◆ **Activity**
Omitting all images, transcribe the listing word for word.

◆ **Given data**
────────────────────
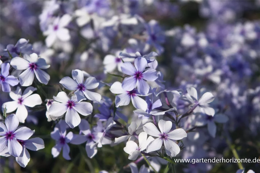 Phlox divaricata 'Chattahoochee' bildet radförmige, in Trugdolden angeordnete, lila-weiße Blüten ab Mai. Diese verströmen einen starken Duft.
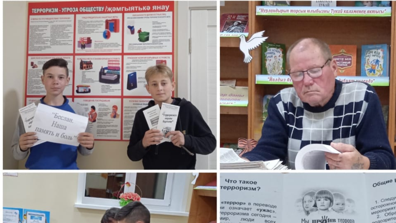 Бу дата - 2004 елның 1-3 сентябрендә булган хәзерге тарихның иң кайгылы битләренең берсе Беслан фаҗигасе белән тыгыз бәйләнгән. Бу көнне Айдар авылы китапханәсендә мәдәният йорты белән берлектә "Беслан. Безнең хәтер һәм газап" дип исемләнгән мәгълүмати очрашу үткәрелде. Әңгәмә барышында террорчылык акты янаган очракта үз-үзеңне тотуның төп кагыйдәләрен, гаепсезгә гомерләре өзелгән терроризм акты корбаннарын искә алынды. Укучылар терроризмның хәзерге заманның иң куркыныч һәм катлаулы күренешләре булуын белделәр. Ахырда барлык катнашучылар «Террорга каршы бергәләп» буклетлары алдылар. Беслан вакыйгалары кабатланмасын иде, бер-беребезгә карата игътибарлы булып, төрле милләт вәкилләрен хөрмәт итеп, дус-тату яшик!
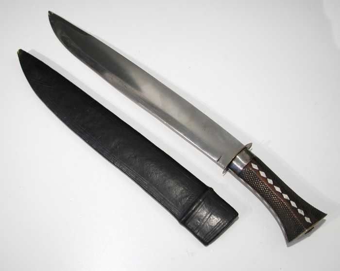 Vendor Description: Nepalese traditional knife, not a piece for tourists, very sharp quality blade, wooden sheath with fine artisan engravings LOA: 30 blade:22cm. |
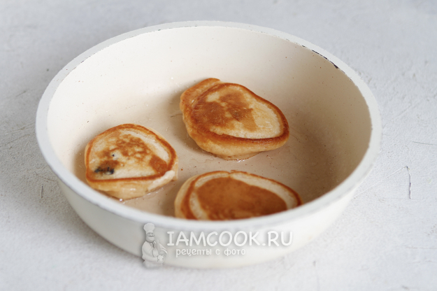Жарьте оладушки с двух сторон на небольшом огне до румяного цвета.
────────────────────
◆ **Solution for this task**
 Phlox divaricata 'Chattahoochee' bildet radförmige, in Trugdolden angeordnete, lila-weiße Blüten ab Mai. Diese verströmen einen starken Duft.
 Бу дата - 2004 елның 1-3 сентябрендә булган хәзерге тарихның иң кайгылы битләренең берсе Беслан фаҗигасе белән тыгыз бәйләнгән. Бу көнне Айдар авылы китапханәсендә мәдәният йорты белән берлектә "Беслан. Безнең хәтер һәм газап" дип исемләнгән мәгълүмати очрашу үткәрелде. Әңгәмә барышында террорчылык акты янаган очракта үз-үзеңне тотуның төп кагыйдәләрен, гаепсезгә гомерләре өзелгән терроризм акты корбаннарын искә алынды. Укучылар терроризмның хәзерге заманның иң куркыныч һәм катлаулы күренешләре булуын белделәр. Ахырда барлык катнашучылар «Террорга каршы бергәләп» буклетлары алдылар. Беслан вакыйгалары кабатланмасын иде, бер-беребезгә карата игътибарлы булып, төрле милләт вәкилләрен хөрмәт итеп, дус-тату яшик!
 Vendor Description: Nepalese traditional knife, not a piece for tourists, very sharp quality blade, wooden sheath with fine artisan engravings LOA: 30 blade:22cm. |
Жарьте оладушки с двух сторон на небольшом огне до румяного цвета.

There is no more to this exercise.